Le duele la cabeza, y aunque a duras penas consigue reprimir la tiritona que le ha causado la terrible pesadilla, al menos ya no tiene ataques de angustia, puesto que su cuerpo parece haberse acostumbrado a ellas. No obstante siempre suele despertarse un poco sonado, como un boxeador tras haber recibido un fuerte directo a la sien, y ahora la resaca no le ayuda a mejorar esta situación, por lo que se incorpora muy despacio, sentándose en el borde de la cama, en mitad de una extraña y cutre habitación de pensión barata.

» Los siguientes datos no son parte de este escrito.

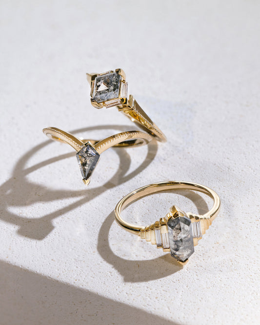 Elongated Hexagonal Salt & Pepper Diamond 18K Gold Ring
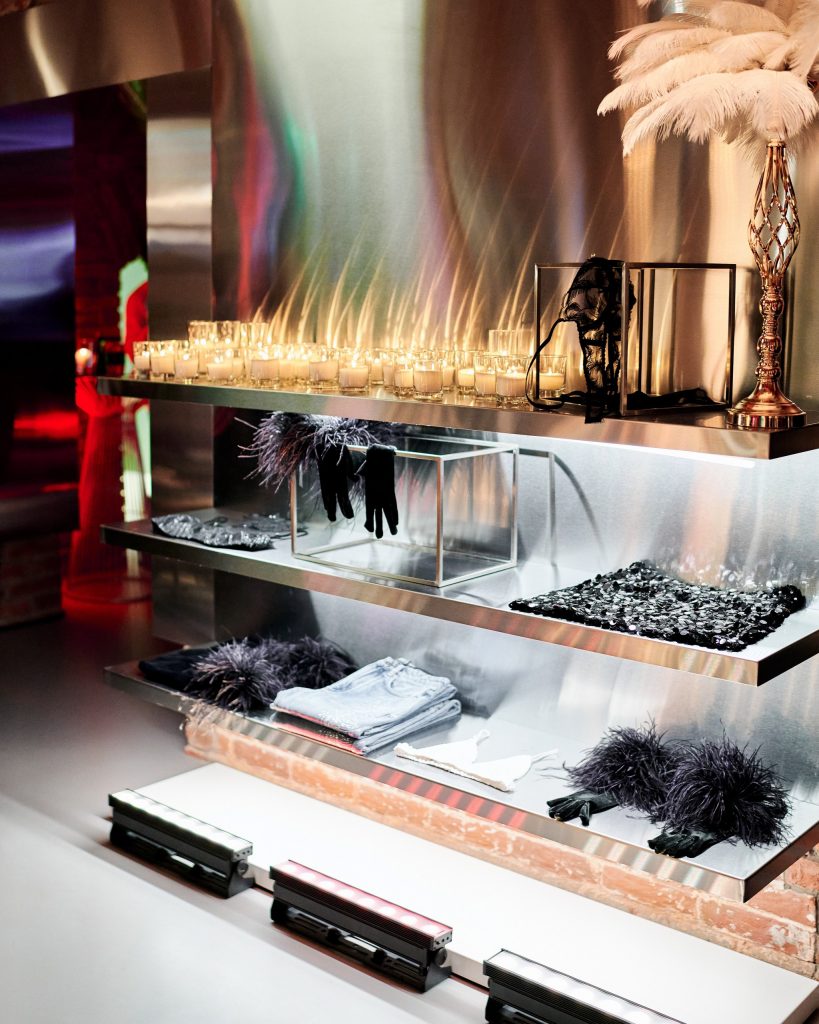 Правда, в день открытия историческая основа флагмана неминуемо звучала ярче, поскольку дух Венеции, где снимали новогоднюю коллекцию Carnival, даже в приглушенном свете пространства был подчеркнут деталями. Перья, маскарадные маски, нижнее белье, будто сброшенное в будуаре после Карнавальной ночи, – все это стало частью таинственной истории под аккомпанемент виртуоза из Санкт-Петербурга, играющего композиции на электроскрипке.

Se pregunta donde habrá dejado sus pastillas. Despacio, tambaleante, sorteando la parte que debe de estar llena de cristales rotos, se acerca a la puerta del baño, que cruje al abrirse. El suelo está frio bajo sus pies descalzos. Se aproxima al váter y levantando la tapa, una cívica costumbre que aprendió durante los años de facultad en los que convivió con chicas en un piso compartido, sujeta su pene con una mano, y se concentra en descargar una larga, cálida y reconfortante meada en el inodoro, preguntándose donde estarán sus pastillas para el dolor de cabeza. Tras tirar de la cadena, se acerca al armario de lámina corredera, donde debió arrojar ayer su bolsa nada más inscribirse en recepción y subir a su habitación. Abriendo la cremallera e introduciendo dentro medio brazo, Ramón María tantea el interior de su bolsa, y buscando su pastillero, aparta instintivamente la ropa arrugada y otros objetos de forma apresurada. De repente, sus dedos tocan un pesado y frio objeto metálico.
Su mero contacto le produce un sentimiento reconfortante, que le invita a recorrer con sus manos toda la superficie dejándose llevar por la grata sensación del acero.